А именно – проживание и прояснение удела человеческого. С его неустранимыми константами: невозможностью, необратимостью, ограниченностью, уязвимостью, однократностью, обреченностью, непоправимостью – и с той единственной, что скрывается под всем этим вполне тавтологичным разнообразием имен и масок: со смертью.

Фраевский Вильнюс – как это обычно бывает с городами – способ противостоять смерти. Противоречить ей, противожить. Да, города вообще только для этого, по большому счету, и заводятся – но Вильнюс – особенный. Он все это устраивает на свой единственный лад.

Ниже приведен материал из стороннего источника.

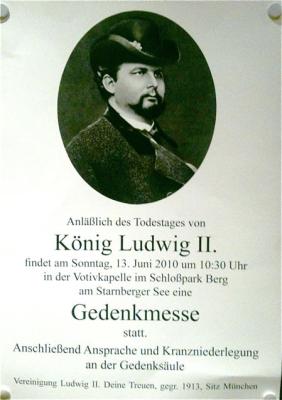 Einerseits hat die Vereinigung “König Ludwig, Deine Treuen”, die 1913 gegründet wurde, an der Votivkapelle einen Gottesdienst angekündigt (10 Uhr 30 Schloßpark Berg), andererseits haben sich die berüchtigten, vermummten Guglmänner zu Wort gemeldet. Nach der Gedenkfeier wollen sie mit Ihrer Aktion “Menetekel” beginnen, die zur Öffnung des Königs-Sarkopharges führen soll und zum Beweis ihrer These, dass der König ermordet worden sei. “Es war Mord!” ist ihr Schlachtruf. Ihre – nicht ganz aktuelle – Internetseite ist: http://www.Guglmann.de/deutsch/index.htm
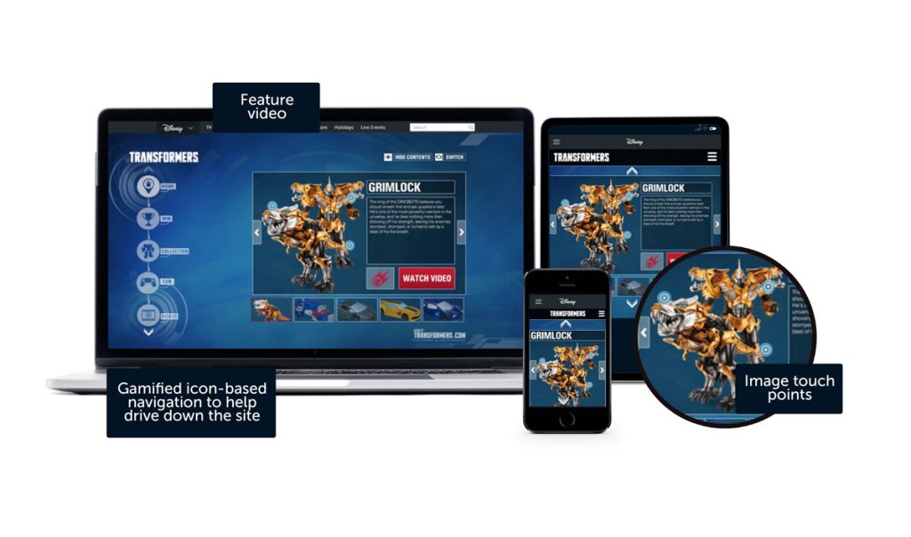 To celebrate the release of the new Transformers Grimlock Toy. Hasbro teamed up with Disney to create a promotional campaign across TV, and Digital website and media.
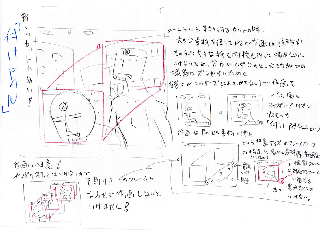 作画の作業としては普通のPANの場合大きな紙に描いて、フレームをどこからどこまでと指示を描くというもの
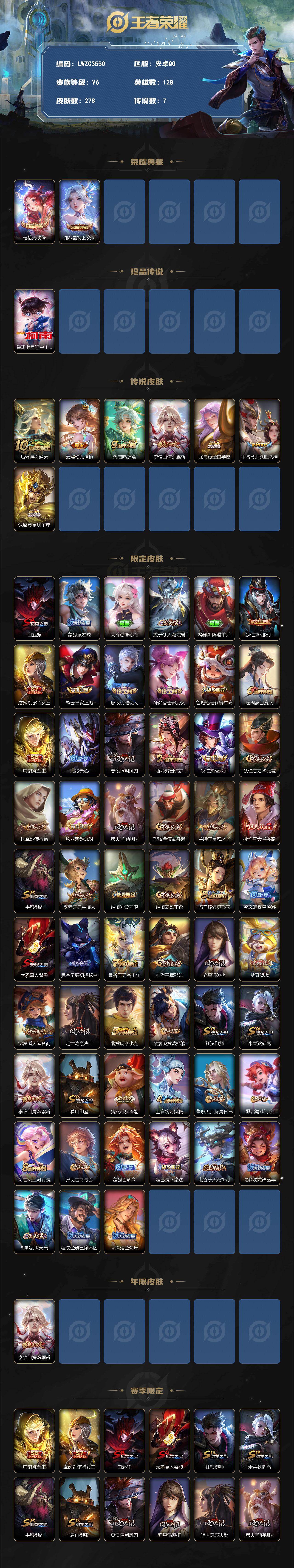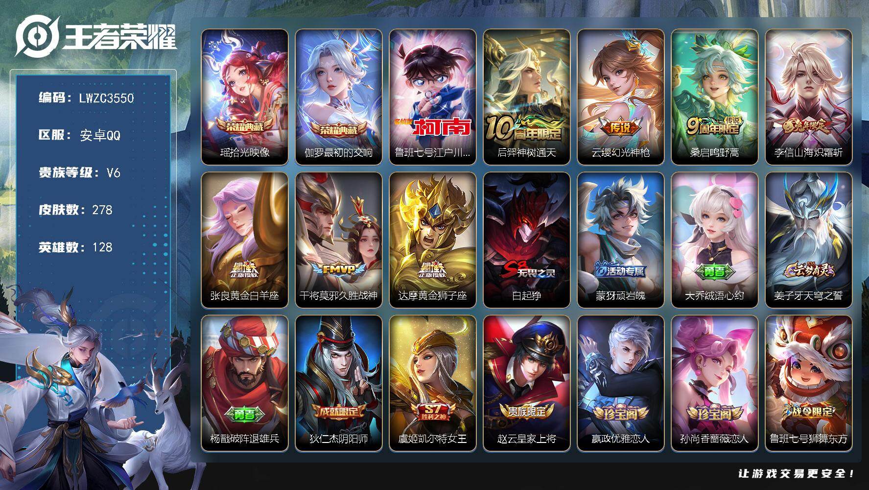 可二次【特价出售/店主推荐】安卓Q-V6-最强王者段位-128英雄-278皮肤-2典藏皮肤-1珍品传说-7传说-76史诗【荣耀典藏】:瑶拾光映像,伽罗最初的交响【珍品传说】:鲁班七号江户川柯南【传说皮肤】:后羿神树通天,云缨幻光神枪,桑启鸣野蒿,李信山海炽霜斩,张良黄金白羊座,干将莫邪久胜战神,达摩黄金狮子座【限定皮肤】:白起狰,蒙犽顽岩魄,大乔绒语心约,姜子牙天穹之誓,杨戬破阵退雄兵,狄仁杰阴阳师,虞姬凯尔特女王,赵云皇家上将,嬴政优雅恋人,孙尚香蔷薇恋人,鲁班七号狮舞东方,庄周高山流水,扁鹊
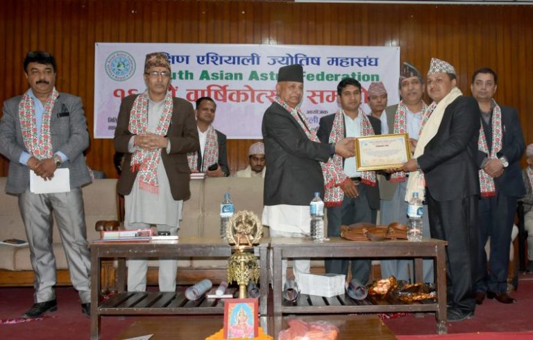 काठमाडौं, ५ बैशाख । दक्षिण एशियाली ज्योतिष महासंघले चेतना न्युज डटकमका सम्पादक रामकुमार क्षेत्रीलाई सम्मान गरेको छ । बुधबार काठमाडौंको बागबजारस्थित् हार्दिक होटेलमा महासंघले आफ्नो १६ औं वार्षिकोत्सवको अवसरमा पत्रकार क्षेत्रीलाई सम्मान गरेको हो ।
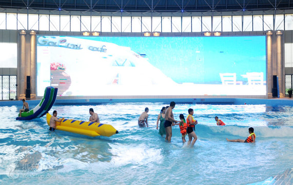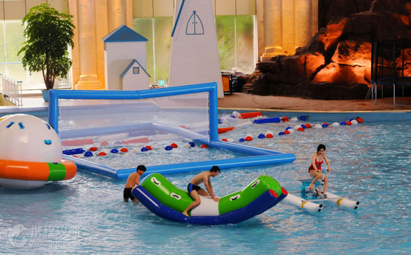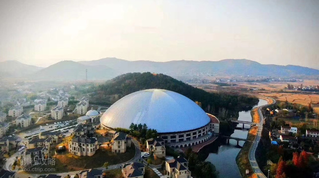 国轩温泉宫直径138米,高55米,是目前亚洲较大的穹顶式室内温泉艺术中心,整个项目由国际设计师“刘继东”亲笔设计,项目规划设计采用了中国古典哲学《易经》“天圆地方”的理念,巨大的蒙娜丽宫(天体浴场)半球为“天”,方形国轩大酒店为“地”。温泉宫共有温泉泡池18个,配有多功能水疗区、天体区、儿童戏水,5000平米造浪池,还有目前国内最长的室内玻璃水滑道,同时配有可容纳300人就餐的自助餐厅、80间欧式客房、VIP休息大厅、台球、乒乓球、充气城堡等娱乐设施,年接待游客可达50万人次
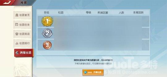 福利提升!跨服社团收益盘点跨服社团有什么优势?玩家们在其中可以得到什么好处?虽然问题直白了点,但答案是有的!首先,跨服开了,社团的人自然多了,人多力量大,这直接意味着社团活跃度的达成速度就提升了,以前每周都拿不满的社团周活跃度礼包轻松就可以全部拿到啦。其次,更多活跃且实力强劲的玩家参与到社团战中,可以为社团争取更多的社团积分。在目前的游戏设定里,社团积分不仅会影响社团排名,还会直接影响冠军杯赛的正赛名额。如果大佬云集,还怕社团不强?跨服模式的开启,让不同区服的高手们可以汇聚一堂,有望直接提升社团实力。《灌篮高手》手游每周五都会向玩家们公开社团积分排名TOP30,想在上面看到自家社团的名字?那可要好好努力咯。

Возможности для этого у него, как опять же водится, строго лимитированы: в историческом центре Вильнюса – всего сто восемь улиц, о них только и речь (видимо, автор полагает, что на окраинах, среди новостроек, волшебство не действует или действует не вполне, хотя чем дальше читаешь, тем очевиднее, что там оно просто пока не замечено как следует или еще не совсем созрело: времени накоплено недостаточно. Но город явно работает над этим). Поэтому не остается ничего другого, как выявлять в заданном объеме возможностей – неисчерпаемость.

Как и в первом томе "Сказок" (а перед нами – продолжающийся проект), автор строго выдерживает принцип: одна улица – одна история. Вернее, одна попавшая в эту улицу – хоть бы и случайно – судьба. И сюжет во всех этих судьбах, если совсем уж тщательно всмотреться, – проигрывается, по существу, один.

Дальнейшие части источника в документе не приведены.